US LNG feedgas averaged 17 Bcf/d in May 2026, 12.2% higher than the same period in 2025, despite ongoing maintenance at Freeport, Cameron, and Golden Pass. When Freeport runs at full capacity (~2 Bcf/d feedgas demand), incremental tightening of 1–2 Bcf/d is possible vs maintenance periods.
[FACT] EIA projects record LNG exports of 17 Bcf/d in 2026, up from 15.1 Bcf/d in 2025. [ESTIMATE] Each 1 Bcf/d of additional LNG demand adds ~$0.50/MMBtu to Henry Hub in tight conditions.

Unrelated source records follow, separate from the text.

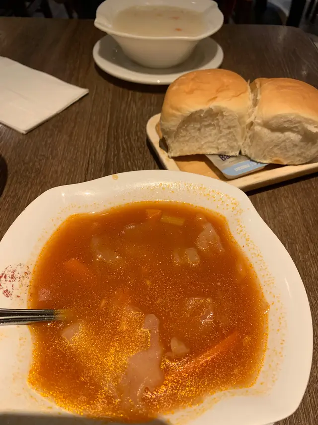 呢間餐廳應該冇人唔識, 兒時成日去据扒, 大個每次去開都大排長龍, 今日放假, 行開d2, 6點, 人未放工就衝入去食左先. 我同老公每人都叫左一個扒餐, 一個牛柳餐, 另一個係貴族牛扒餐.湯方面我地一紅一白, 紅湯係一貫水準, 好多材料, 而白湯就有驚喜, 初頭仲以為係普通忌廉湯, 但原來佢係周打魚湯, 湯除左有粟米同洋蔥, 仲有魚塊, 好味. 餐包叮熱左, 一放入牛油立即溶化, 正.我地2個扒餐都係鐡板上, 本身我地係叫7成熟, 但職員好細心, 佢話因為鐡板有熱力, 如果平時食開7成, 可以叫再生少少, 因為怕牛扒過熟, 唔滑身, 我地就改為5成了.牛柳餐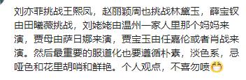 “贾母可以让萨日娜来演,或许会很贴合。”、“我觉得还不如让《知否》里的祖母来演,在《知否》里演技就很好,观众也比较熟悉。”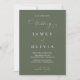 The rich, deep olive green provides a stunning backdrop for your wedding details, featuring refined minimalist typography and subtle script accents for 'The Wedding of'. On the reverse, a dedicated space allows you to showcase your cherished engagement or favorite couple's photo, adding a truly personal touch that tells your unique love story.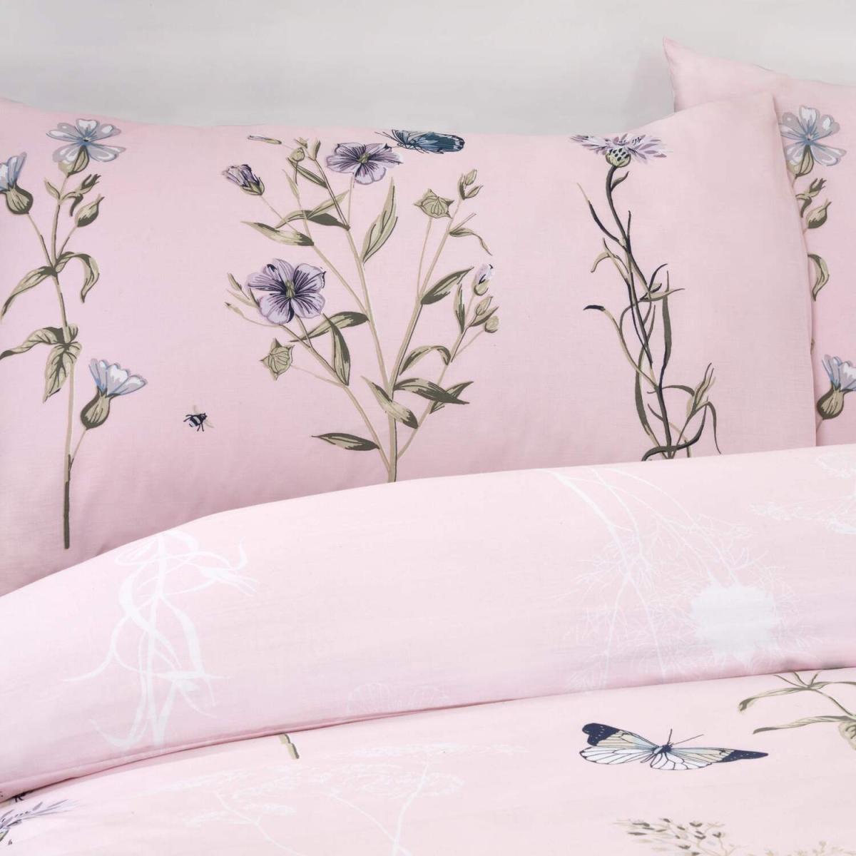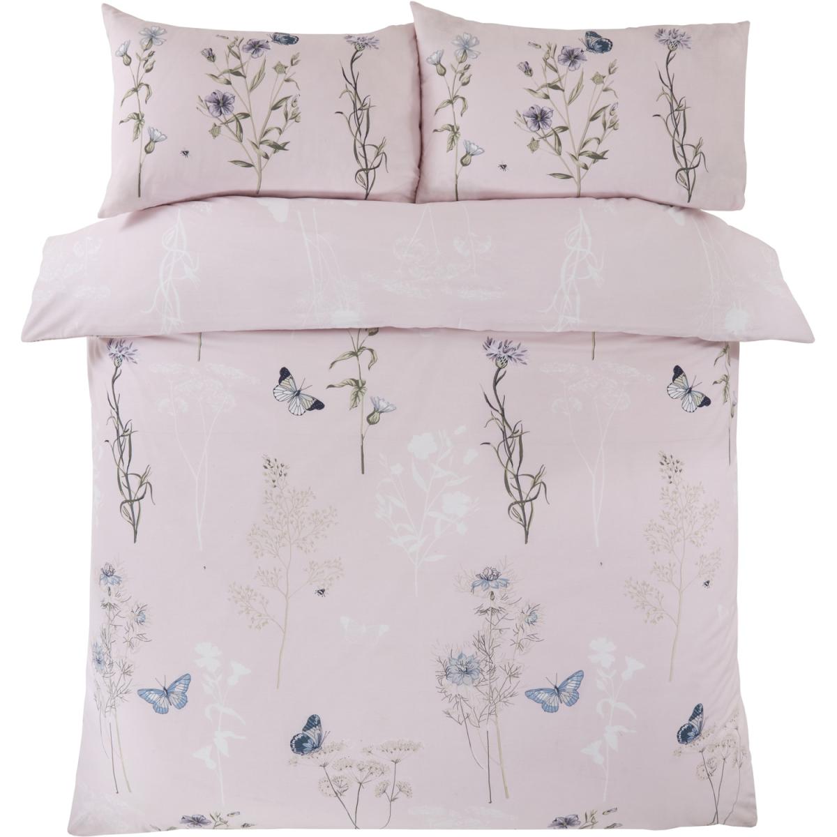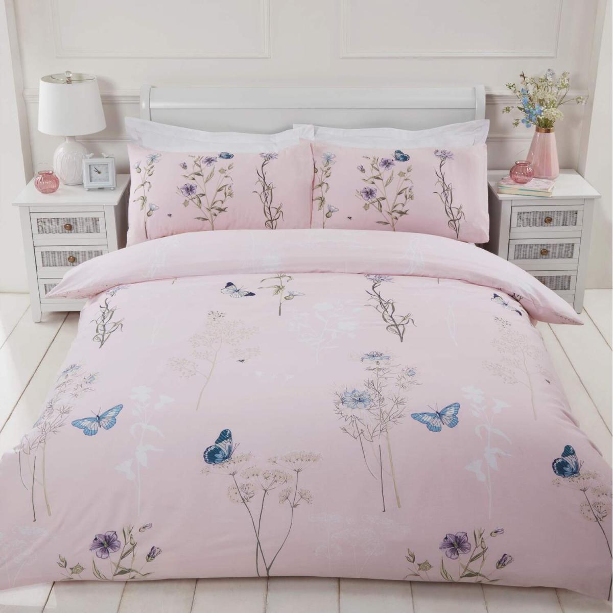 The gorgeous laura quilt cover set has a charming botanical floral stem and butterfly print on a soft pastel background.

Supply and Storage: Adequate but Tightening
Lower-48 marketed gas production averaged 117.2 Bcf/d in Q1 2026 (+4% YoY), with EIA projecting 118.9 Bcf/d for full-year 2026. Higher oil prices support associated gas output. Storage exited the winter withdrawal season at ~1.9 Tcf (3% above the 5-year average), providing a comfortable buffer.
However, EIA expects storage to gradually move below the rolling 5-year average over the 2026–27 forecast horizon as LNG and power demand outpace production growth. This creates a tightening trajectory heading into winter 2026–27.
[FACT] Storage at 1.9 Tcf entering summer, 3% above average. [ESTIMATE] Storage to move below 5-year average by Q4 2026 as LNG demand outpaces production.
Price Scenarios
Base Case ($3.50–4.50/MMBtu): LNG exports near capacity. Power demand grows with data centers. Production increases offset demand growth. Storage remains adequate. Standard Chartered sees $3.80 Q3, $4.50 Q4. Probability: ~55%.
Bull Case ($4.50–5.50+/MMBtu): Cold winter draws storage below average. Production disappoints. Freeport runs at full capacity. Morgan Stanley targets $5+. Probability: ~25%.
Bear Case ($2.50–3.50/MMBtu): Mild weather, rapid production growth, or LNG export delays. Probability: ~20%.
Decision Matrix
| Action | Role | Timeline |
|---|---|---|
| Lock in winter 2026–27 gas supply before Q4 strip rises | Procurement | Q3 2026 |
| Evaluate fixed-price vs indexed gas contracts for H2 | Supply Chain | June 2026 |
| Model $3.50–4.50/MMBtu range with upside to $5+ | CFO | June 2026 |
| Monitor Freeport LNG operational status weekly | Market Intel | Weekly |
| Assess storage injection pace as tightening indicator | Market Intel | Weekly |
The gas market is gradually tightening but not yet critically tight. Buyers should lock in winter 2026–27 supply in Q3 before the typical seasonal premium develops. LNG export growth is structural and irreversible in the near term — each new train coming online adds ~0.6 Bcf/d of firm demand. The risk of a supply-driven price spike is real heading into winter; fixed-price contracts for winter months offer protection against the Standard Chartered $4.50 Q4 scenario.